> [INSTRUCTIONS TO FOLLOW]:
Before printing the listing, strip out its pictures and keep everything else exact.

> [SUPPLIED MATERIAL]:
════════════════

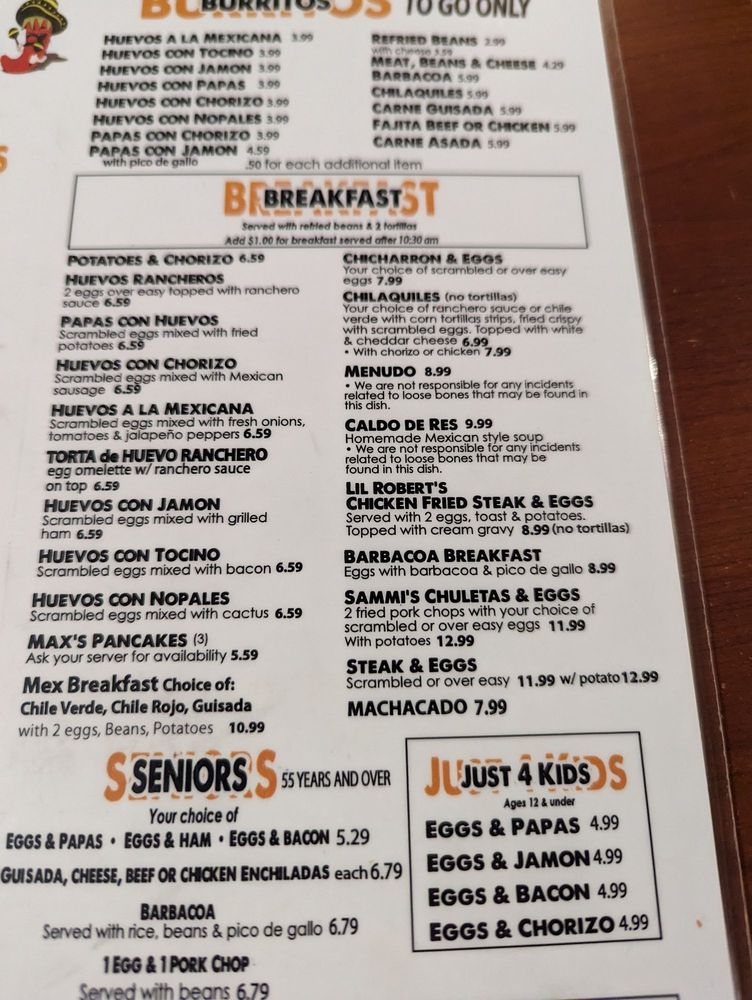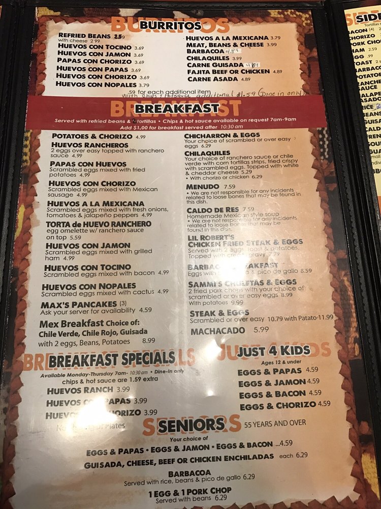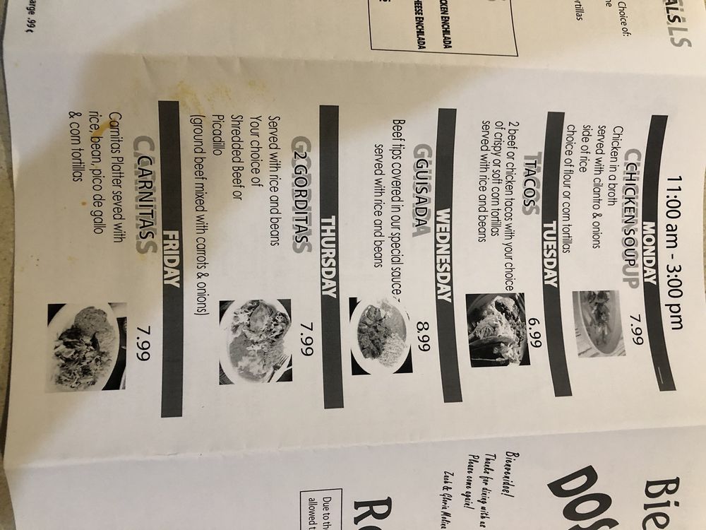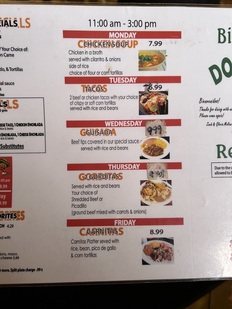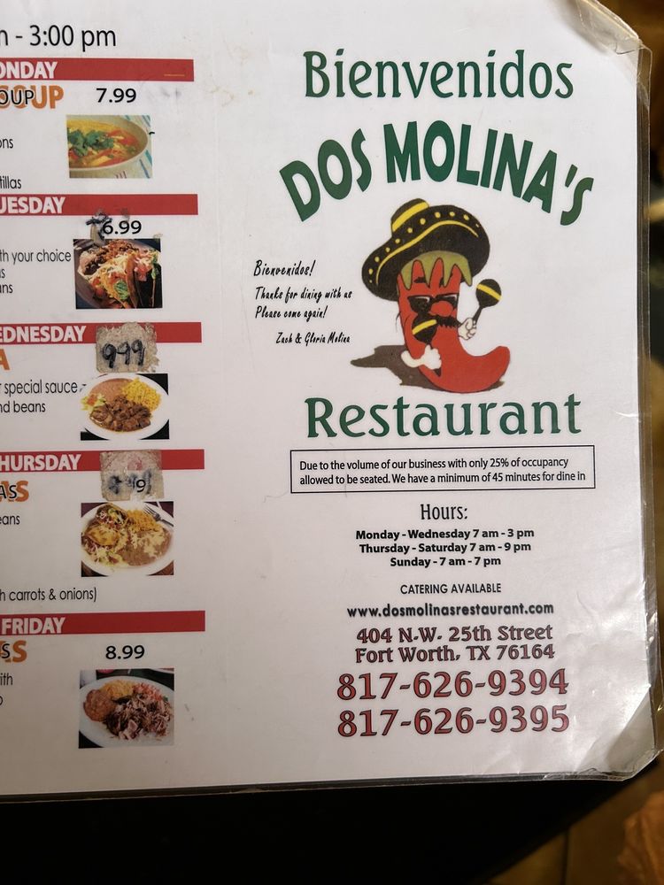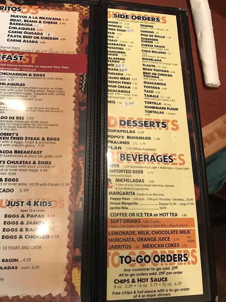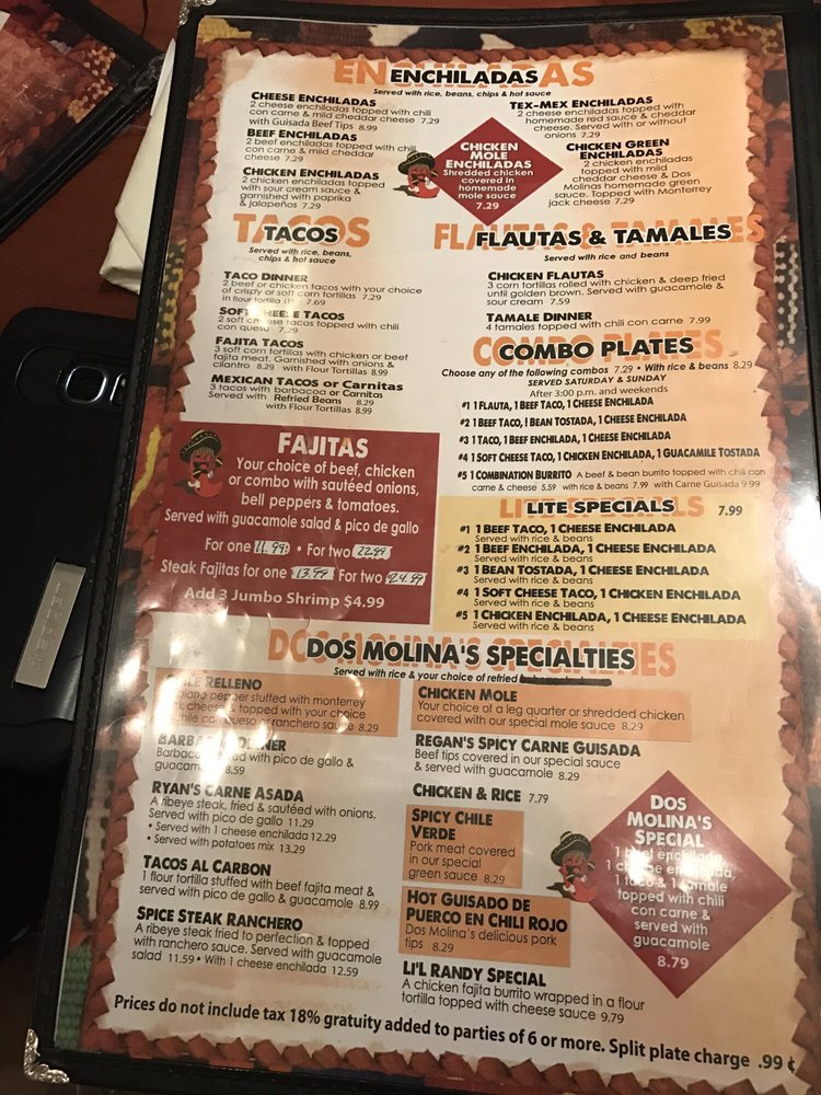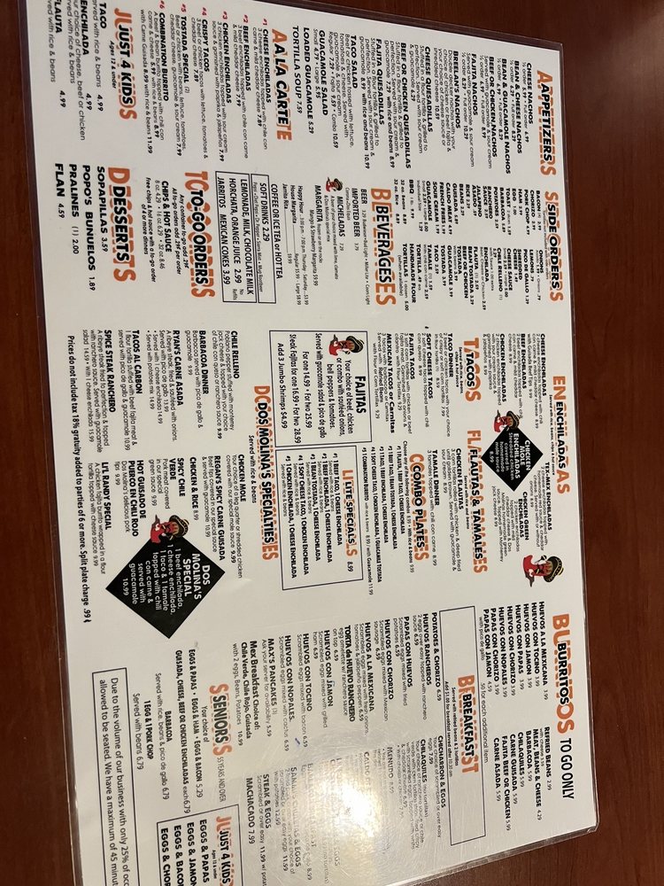 Dos Molina's Mexican Restaurant Menu
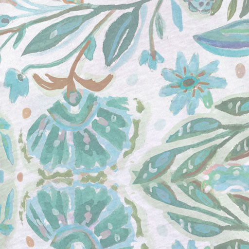 A stunning and playful floral print in green, aqua and blue designed by Jeanetta Gonzales.
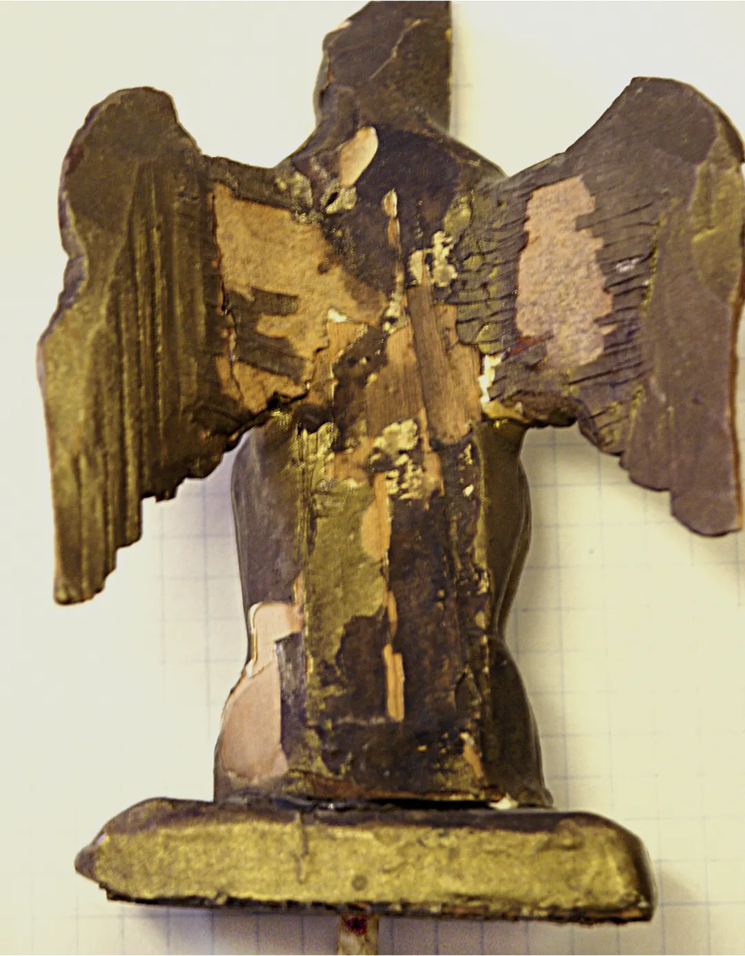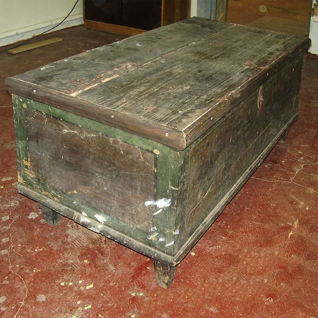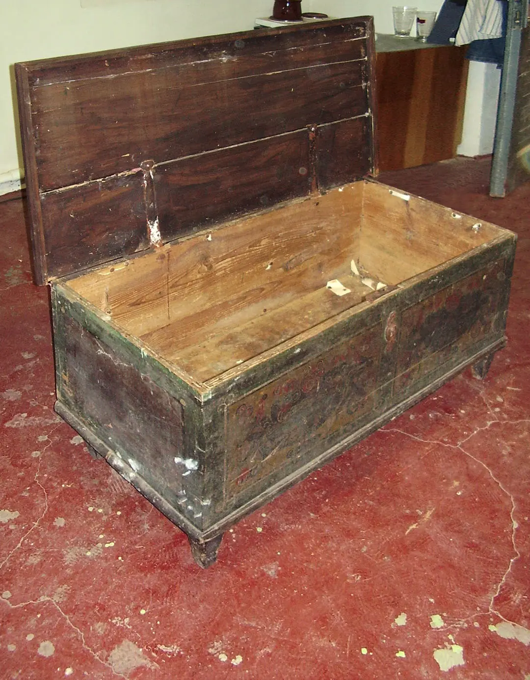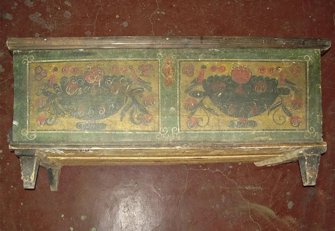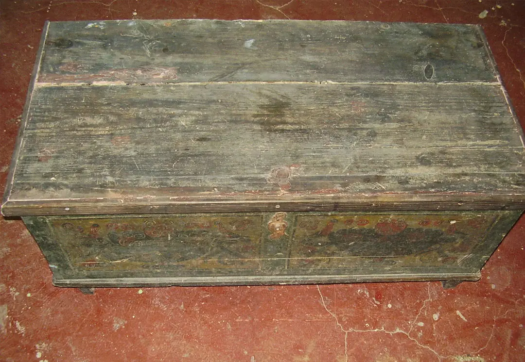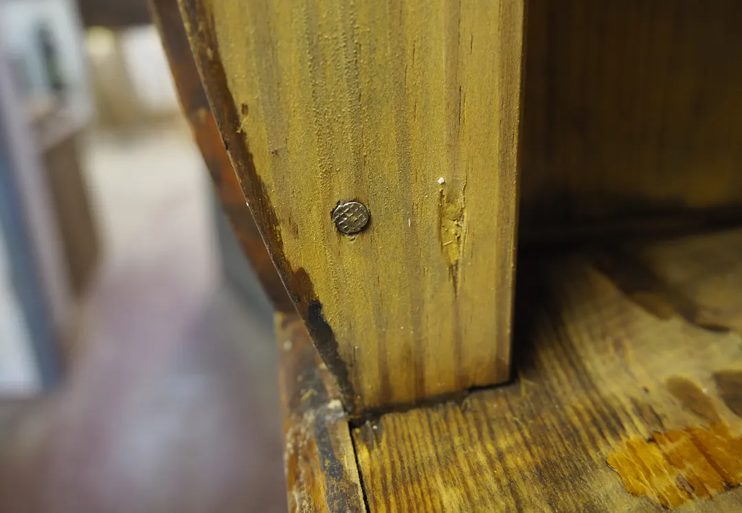 Psací stůl v nálezovém stavu nesl známky dřívějších oprav a repasí.
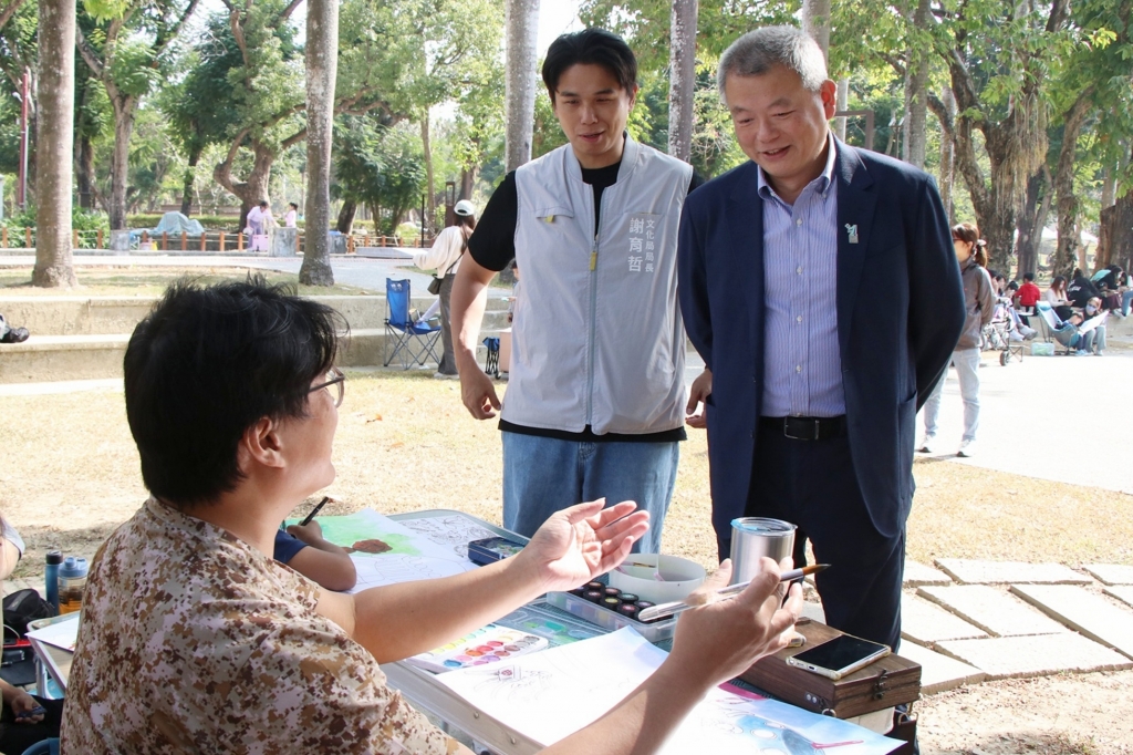 謝育哲局長進一步指出,今年以「嘉義公園」為主題,特別邀請嘉義在地藝術家王德合老師蒞臨指導,以豐富的教學經驗陪伴市民親近藝術,並以自身創作啟發大家的觀察力與表現力,讓嘉義的在地藝術能量得以持續累積與傳承。

════════════════

> [OUTPUT FOR THIS EXERCISE]:
 Dos Molina's Mexican Restaurant Menu
 A stunning and playful floral print in green, aqua and blue designed by Jeanetta Gonzales.
 Psací stůl v nálezovém stavu nesl známky dřívějších oprav a repasí.
 謝育哲局長進一步指出,今年以「嘉義公園」為主題,特別邀請嘉義在地藝術家王德合老師蒞臨指導,以豐富的教學經驗陪伴市民親近藝術,並以自身創作啟發大家的觀察力與表現力,讓嘉義的在地藝術能量得以持續累積與傳承。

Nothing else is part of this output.